Climatic Conditions.—The factors usually mentioned as constituting climate are temperature, rainfall and winds. Since the latter two factors, however, are themselves merely the result of heat conditions, it is proper to discuss from the outset the origin and mode of action of heat.

TEMPERATURE.

The temperature of stellar space outside of the atmosphere is known to be very low. The increasing cold as we ascend to greater heights, is a fact familiar to all. Langley has calculated upon the basis of observations made at the summit and foot of Mount Whitney in California, that the temperature of space lies near 200° Cent. (360° F.) below the freezing point of water; and this would be the temperature near the Earth’s surface, were it not for the surrounding atmosphere. The latter absorbs but a small amount of the sun’s direct heat rays (which are of high intensity), as they penetrate it to the Earth’s surface. But as the earth’s surface is warmed, the heat rays of low intensity which it emits cannot pass back through the atmosphere to the sun or to outer space; they are “trapped,” as it were, by the dense air resting near the earth’s surface, which is then warmed partly by the radiation from, partly by direct contact with, the soil. It is to the existence of our atmosphere, then, that the possibility of our animal and vegetable life in their present form is due; and a decrease of the trapping effect on the sun’s heat rays makes itself quickly felt when ascending, either in balloons or on high mountains. Moreover, it is well known to mountain climbers that at great elevations the sun’s heat is extremely intense at noon; even though the temperature may fall to the freezing point at night, owing to the failure of the thin air to prevent the radiation back into space of the heat absorbed during the day. On the high plateaus of the Andes and of Asia, therefore, very extreme climates prevail, on account of the great range of temperature between day and night.

Ascertainment and Presentation of Temperature-Conditions.—The proper understanding of the temperature conditions of any locality or region is by no means a simple matter. Shall we study the daily, monthly, or annual changes of temperature, or the means deduced from either or all of them, in order to gain a clear insight into the climatic conditions that control crop production and health conditions?

The Annual Mean Temperature not a Good Criterion.—Since one and the same figure may result equally from the averaging of two widely divergent data, and from such as are close together, it is clear that the mean annual temperature cannot be a proper criterion of the agricultural adaptations of a country. Thus an average temperature of 60° F. might result, equally, from the averaging of 65 and 55 degrees, or from taking the mean of 15 and 105 degrees; yet the respective cultural adaptations would be widely different.

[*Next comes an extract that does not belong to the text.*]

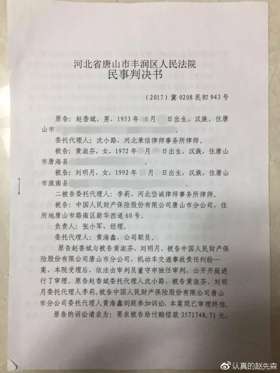 在发布消息之后,赵先生又在微博陆续公开了交警责任判定书、法院判决书以及其他基础证据。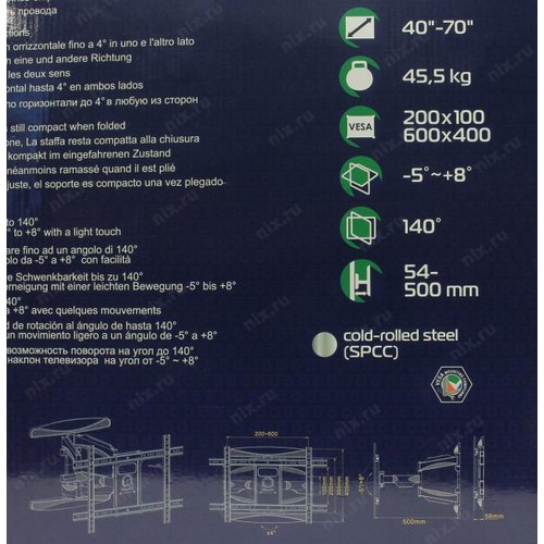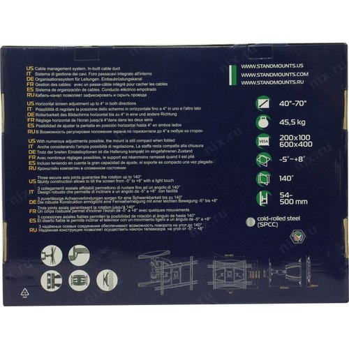 Универсальное крепление. Система двойного плеча. Кабель-канал. Ультратонкий дизайн и большой вылет от стены. Широкие возможности регулировки экрана.

Extremes of Temperature are Most Important.—It is, on the contrary, rather the extremes of temperature, more particularly of cold, but frequently also of heat, together with the total amount of heat available during the growing season, that determines such adaptation so far as temperature is concerned; for no culture plant can be successfully grown where the temperature during winter even occasionally falls for more than a few hours below the point which it can resist; and for each plant there is a certain aggregate requirement of heat to carry it from germination to fruiting. Even different varieties of one and the same plant differ materially in the latter respect, so that it is very important that in the selection of varieties to be grown, this factor should be taken into consideration. It cannot be too strongly urged that the comparison of annual means of temperature, so commonly made by promoters of colonization schemes, must not be taken as a guide either in the estimate of cultures in which the immigrant may desire to engage, or by those in search of a climate adapted to their health-conditions.

Seasonal and Monthly Means.—The statement of the mean temperatures of the conventional four seasons—spring, summer, autumn and winter—afford a much clearer conception of climatic adaptations; provided always that the extreme temperatures be considered at the same time. With the same understanding, the monthly means are still more instructive; but here again, it is most essential that the distribution and amount of rainfall in each be regarded at the same time, since the most desirable temperature is of no avail without the moisture required for vegetation.

In some cases, e. g., that of California, it becomes necessary for practical purposes to regard the “season,” and not the calendar year, as the unit or reference for crop production. There the crops depend upon what rainfall may occur from October to May, there being no summer rains of agricultural significance, and outside of irrigated lands, almost all vegetation save that of trees being in abeyance. In India, there are two distinct growing seasons (“kharif” and “rabi”), corresponding to the two “monsoon” seasons; and no matter how much rain may fall during one, almost total failure may occur in other tropical and arid sections of that country.